NY Times: The Mountain from Game of Thrones Wins World’s Strongest Man Title

The Mountain is the strongest man on “Game of Thrones.” Now he’s the strongest man in the real world as well.

Hafthor Julius Bjornsson took a break from playing Gregor Clegane, the brutal warrior known as the Mountain, and won the long-running World’s Strongest Man competition on Sunday in the Philippines.

Bjornsson, 29, has been a regular in the competition and had three second- and three third-place finishes over the years, but had never previously won.

“It’s my passion and my dream to become the world’s strongest man,” he said in a 2016 profile in which he shared his workout secrets with The New York Times. “I would like to win the World’s Strongest Man competition, as you would win best writer in the world. Is that a title that exists?”

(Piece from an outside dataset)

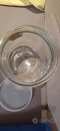 Vaso contenitore cilindrico in vetro trasparente con coperchio in plastica in perfette condizioni, come nuovo.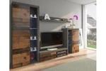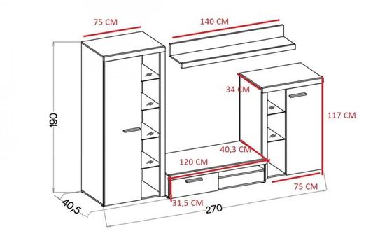 Obývací stěna se skládá z televizního stolku, dvou vitrín a  police. V případě potřeby úložného prostoru navíc lze dokoupit také příslušná komoda. Nábytek je vyrobený z kvalitního lamina, které je velmi odolné vůči mechanickému poškození (př. poškrábání), vlhkosti a nepodléhá času.

Bjornsson certainly qualifies as a figurative Mountain. He checks in at 6-feet-9-inches and 400 pounds. But he is far from the merciless monster he depicts on television. A scene in which he crushed a foe’s skull with his bare hands “actually made my heart hurt,” he said in 2014.

The World’s Strongest competition will be shown in the United States on CBS beginning in June.

Among the events Bjornsson contested this year were the Car Deadlift, the Truck Pull and a grueling Loading Race in which he hauled anchors, anvils and other heavy objects.

After the victory, Bjornsson posted a photograph of himself lifting the trophy on his Instagram account, adding “Want to thank all of my family, friends and fans for supporting me along the way.”

The World’s Strongest Man was originally a made-for-TV American-based event in the 1970s, held at Universal Studios in California. The first year included another strongman turned actor, Lou Ferrigno, who played the Incredible Hulk on TV. Ferrigno placed fourth.

The event expanded internationally after a few years and is now respected and established with a dedicated core of fans.

Iceland did well in the competition in the 1980s and ’90s: the musclemen Jon Pall Sigmarsson and Magnus ver Magnusson won 8 contests in 11 years. But no Icelander had won since 1996, until Sunday.

Bjornsson had missed out on last year’s title when one of his lifts in the Viking Press competition was disallowed. “It’s frustrating when something is taken that you’ve worked hard for,” he said.

But he had vowed to be back this year to finally claim the title. “I could not stop, I would regret it forever,” he said. “I am 28 years old today and am improving with each year.”